## REQUIRED ACTION
Hand back, word for word, the lines from the one containing "эффективновыполнять данную работу)" to the end of the records, both included, and leave out pictures.

## AVAILABLE RECORDS
▼

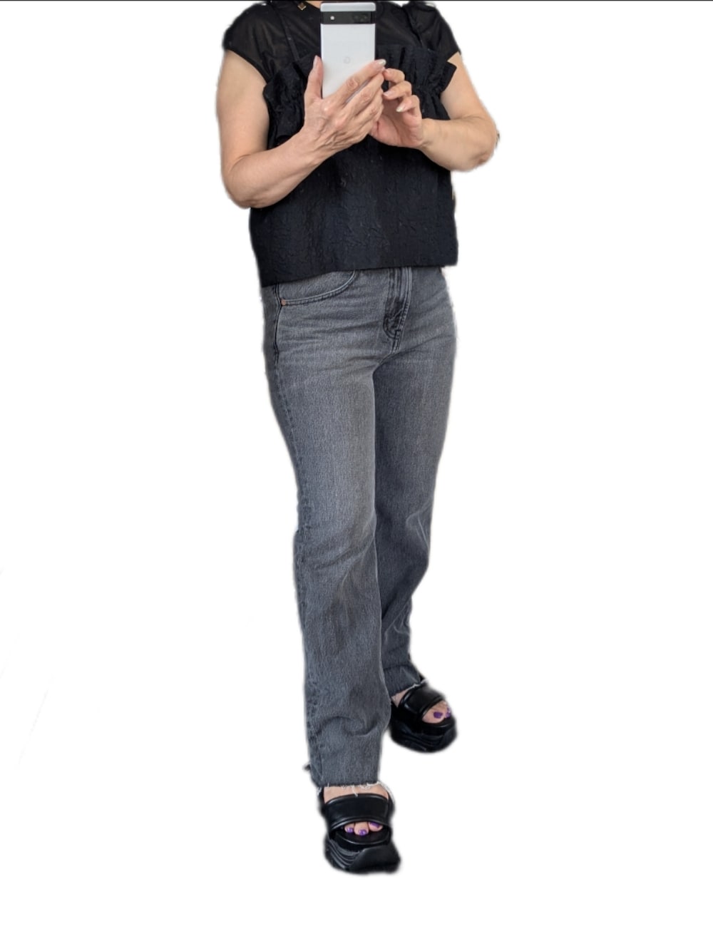 rinamariのデニムパンツ「ルーズフレアデニムパンツ」を使ったコーディネート
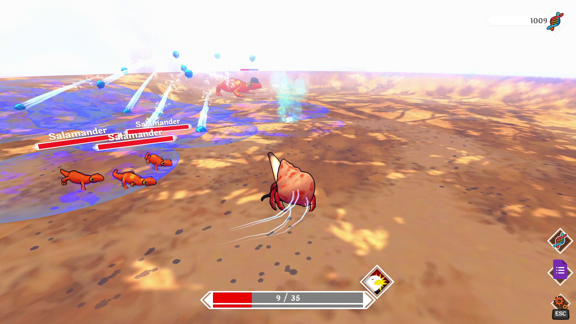 Acquire parts DNA from any creature you eat. Combine parts to achieve the most powerful body! However, be careful not to neglect any part of your form. A powerful head and torso might be good for fighting — but too slow to chase down prey. No creature part is useless!
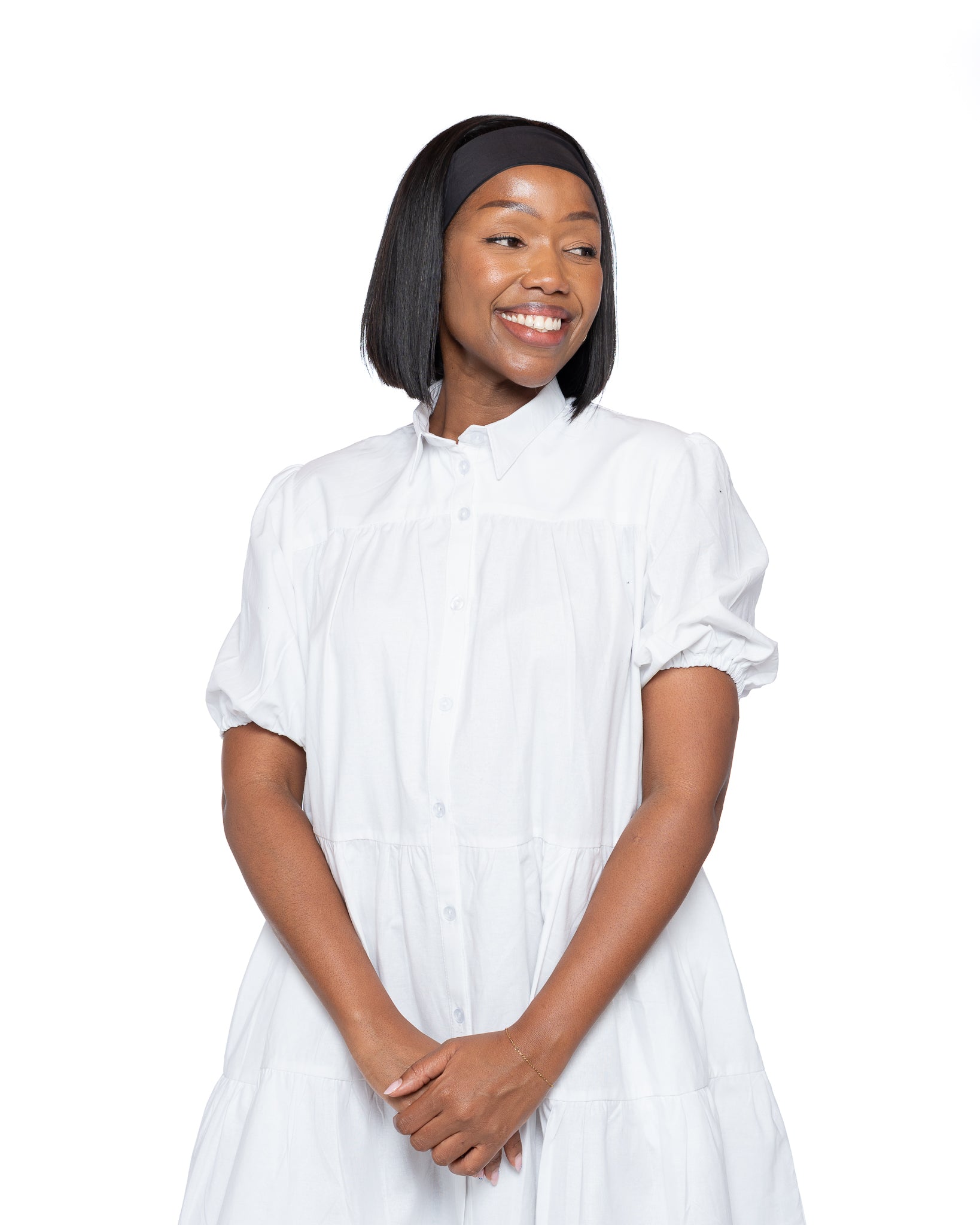 It features a button-down front that runs from collar to hem, short puff sleeves with elastic cuffs, and a classic shirt collar that adds a refined touch to its otherwise relaxed shape. The tiered seams create a soft volume that flatters every body, making it perfect for brunch, errands, or easy weekend strolls.
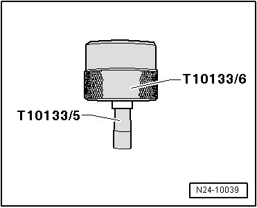 - Now, press the calibrating sleeve (T10133/8) using a gentle turning motion (approximately 180°) onto the fuel injector until it stops.
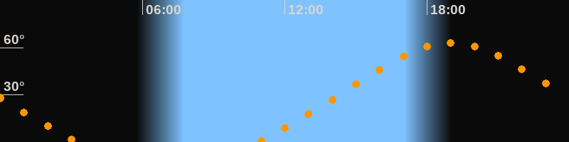 Höchster Stand (Kulmination)19:01 Uhr (h = 63,2°)
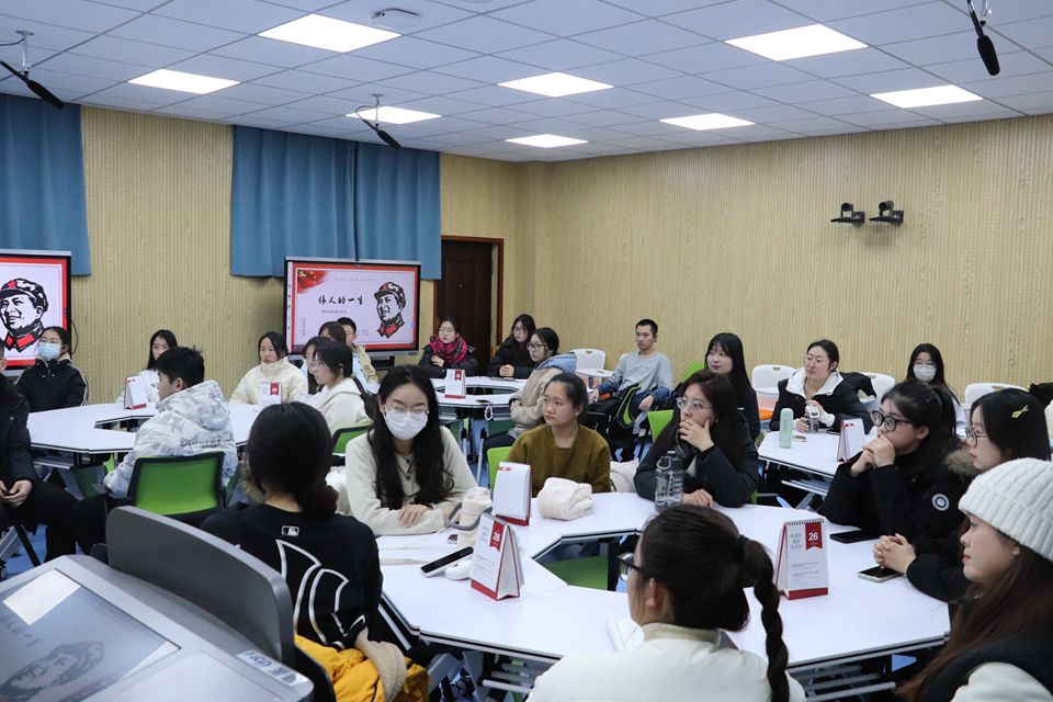 王顺以“伟人的一生”为主题,深度融合专业特色,结合生动形象的图文和视频,对少年毛泽东、青年毛泽东进行了讲解,特别是针对毛泽东的革命生涯展开了重点阐述,带领同学们学习伟人事迹,感悟革命精神。她谈到,毛泽东同志为中国新民主主义革命的胜利、社会主义革命的成功以及社会主义建设的全面展开,为实现中华民族的独立和振兴、中国人民的解放和幸福,作出了彪炳史册的伟大贡献。毛泽东同志属于中国,也属于世界,他不仅赢得了全党全国各族人民的爱戴和敬仰,而且也赢得了世界上一切向往进步的人们的敬佩,他的名字、他的思想和他的风范将永远鼓舞着我们继续前进。
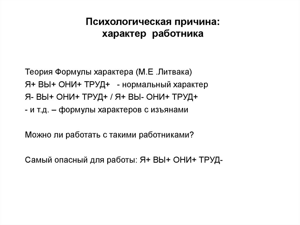 • Психологическая (характер работника не позволяет эффективновыполнять данную работу)
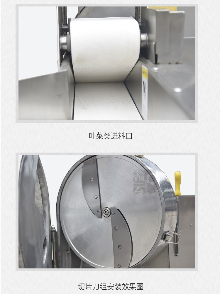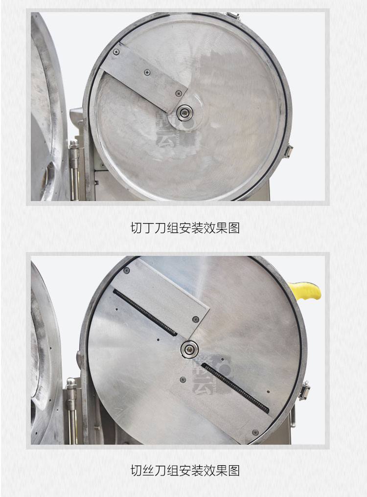 2.通過更換刀盤或雙調(diào)頻調(diào)節(jié)輸送帶與斬刀速度,可切出各種規(guī)格的片、絲、丁、條、粒。

▲

## RESULT OF THIS EXERCISE
 • Психологическая (характер работника не позволяет эффективновыполнять данную работу)
 2.通過更換刀盤或雙調(diào)頻調(diào)節(jié)輸送帶與斬刀速度,可切出各種規(guī)格的片、絲、丁、條、粒。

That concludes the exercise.